(2014) Tim Lebbon, Century, £19.99, hrdbk, 263pp, ISBN 978-1-780-89257-3
Okay, true confession time, unlike some of my friends (and they are adults) who sleep beneath Star Wars duvet covers on Star Wars pillows, probably wearing Star Wars pyjamas, and who have read every Star Wars book and comic in the known universe and even in some that are far, far away, I've only seen the six films (so far) and read the books based on the original (second) trilogy of films and the sort of sequel book Splinter of the Mind's Eye that Alan Dean Foster wrote that might have been filmed as a low-budget sequel had Star Wars: A New Hope bombed at the box office, and what a strange different reality that might have created given its impact on science fiction films ever since. What attracted me to Dawn of the Jedi: Into the Void was that it was written by Tim Lebbon one of my favourite writers of the last fifteen years or so, since his first novel Mesmer appeared and who writes his own unique brand of horror and dark fantasy, interrupted by official film novelisations, like The Cabin in the Woods or books set in the Hellboy or Alien or 30 Days of Night universes.
The clue is in the title, I suppose because Dawn of the Jedi: Into the Void goes way, way back before the Republic (in-fact, thanks to the handy three-page 'novels timeline' which appears before the narrative starts we learn that we are somewhere between 25,000 to 37,000 years before the fourth (first released) Star Wars film, and it is based on the Dawn of the Jedi comic series where we visit the planet Tython where the order of the Je'daii have been established and where Lanoree Brock learns the ways of the Force, unlike her brother, Dalien, whose training has ended in tragedy. Years later, Jedi Ranger Lanoree is summoned by the Je'daii Council and given a mission to stop the leader of a fanatical cult who is hell bent on using Dark Matter to open a cosmic gateway to travel beyond known space, even though it would mean the destruction of several star systems. It's an important mission, and a surprise to Lanoree that she should be chosen to undertake it, until she learns that her brother did not die in his Je'daii training after all and he is the cult leader, and so her great adventure to save part of the universe begins.

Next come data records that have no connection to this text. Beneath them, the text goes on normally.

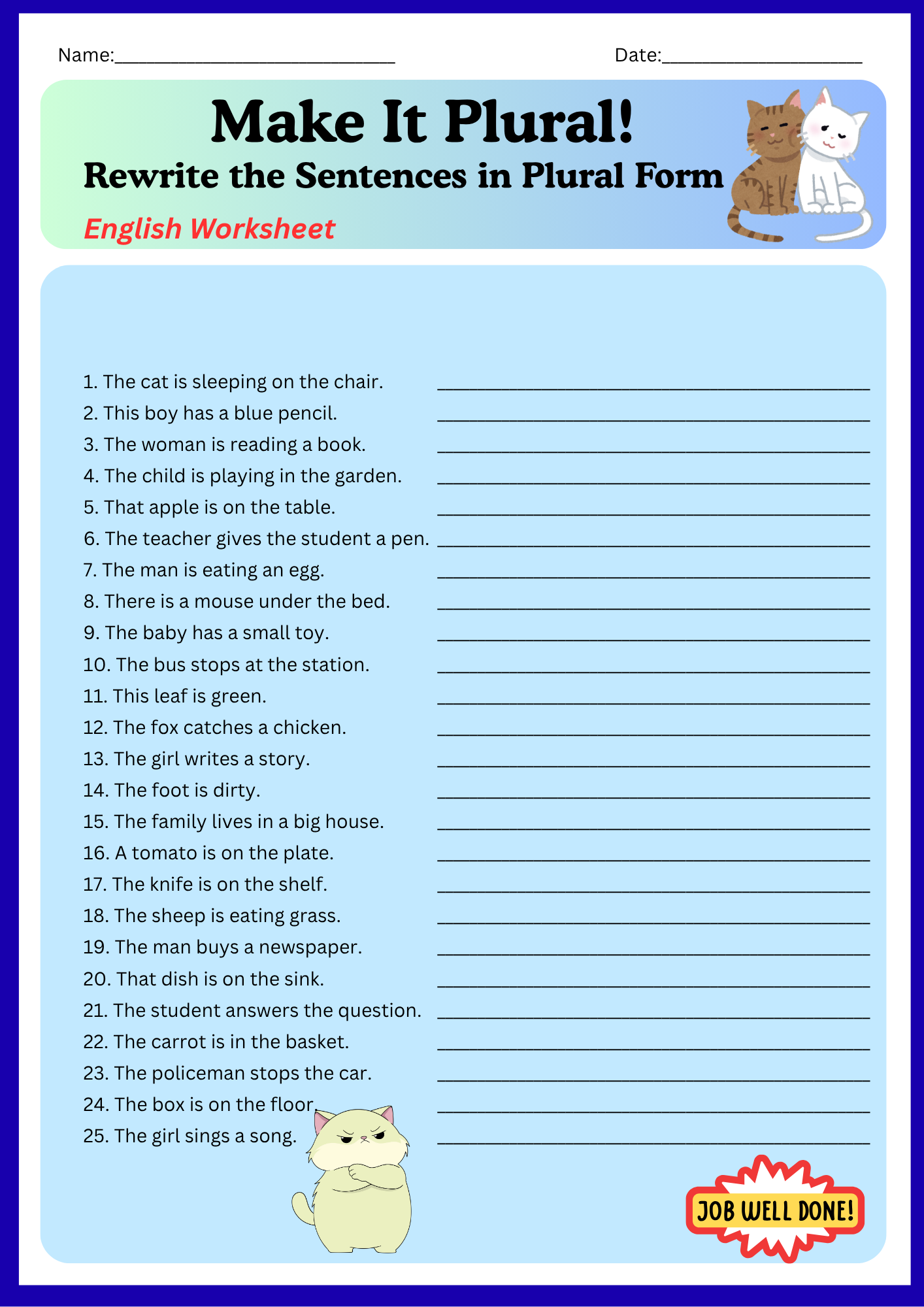 Help your ESL learners master plural nouns with this simple, engaging, and classroom-friendly worksheet pack! Designed for A1–A2 level English learners, this resource guides students through 25 sentences, each requiring them to rewrite the sentence using the correct plural form.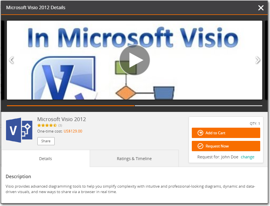 3. Click on the catalog item that you want to request. Detailed information about that catalog item is listed.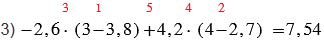 3) -2,6 • (3 - 3,8) + 4,2 • (4 - 2,7);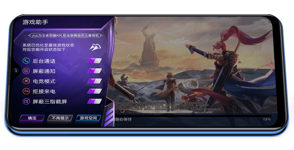 专为长辈们设计的简易模式,操作便捷,防止误触,让爸妈也能享受科技带来的便利与快乐,对长辈的关怀,通过屏幕继续传递。进阶优化游戏模式——游戏魔盒vivo Game Cube,开启后台挂机,大型游戏切出后,仍在后台不中断运行,刷经验、聊微信、看视频都不耽误。电竞模式2.0,将王者荣耀KPL职业选手所便用模式,更有效地调用资源,让您的手机与您共同专注竞技,助您夺得"最强王者"。*后台挂机模式仅支持《梦幻西游》、《倩女幽魂》、《天下》手游,电竞模式2.0仅适支持的"吃鸡"游戏包含《和平精英》、《绝地求生:全军出击》、《荒野行动》等。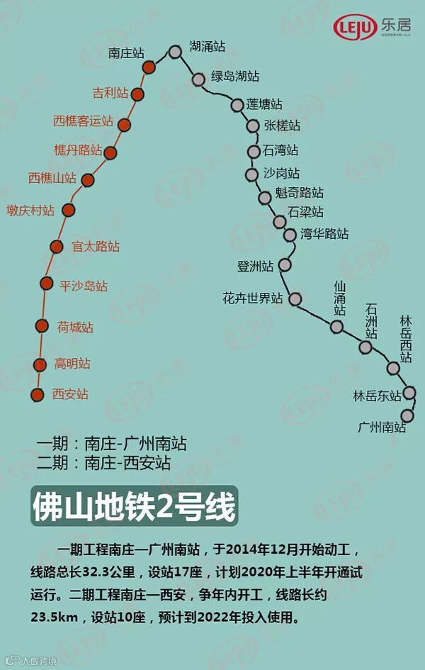 地铁2号线一期工程线路全长32.41km,途经南庄、石湾、佛陈路、文登路等至广州南站,共设车站17座,其中换乘站10座,是广佛之间的第二条城际通道,预计2019年底试运行。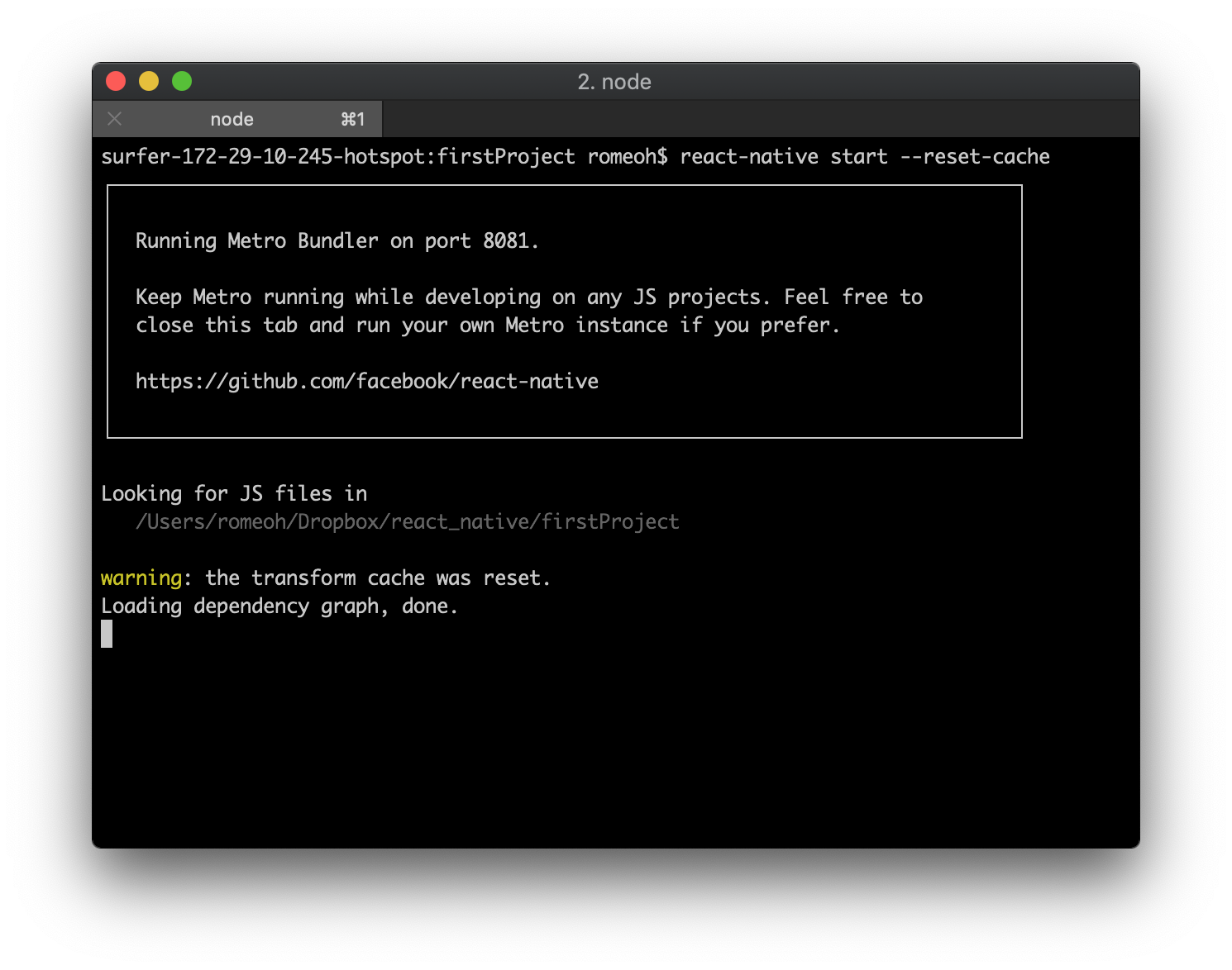 $ react-native start --reset-cache

What is interesting are the whole array of creatures, alien species, and hardware (covering weapons, vehicles and droids) that populate the novel, many original to these pages while others have been mentioned elsewhere in the many, many other Star Wars books that have been written, and it would be interesting to known how many of these story elements Lebbon had to devise himself or if there was some sort of series 'bible' he could dip into.
As expected by a writer of Lebbon's calibre, this is a typically, slick, professional read, but you would have to ask a Star Wars follower for their opinions as to how it fits within the 'canon' and ultimately how good it is, although some might be put off by the lack of recognisable film characters, and whizzing space battles, even light sabres have not been developed at this early stage of the proceedings and Lanoree has to rely on a normal sword. Apart from Lebbon's novel, there is a also a great cover illustration by Torstein Nordstrand and a 30-page bonus short story called 'Eruption' by John Ostrander, possibly because the powers that be have figured out that paying £19.99 for a story that runs just over 260 pages might not seem worth the cost of admission after all.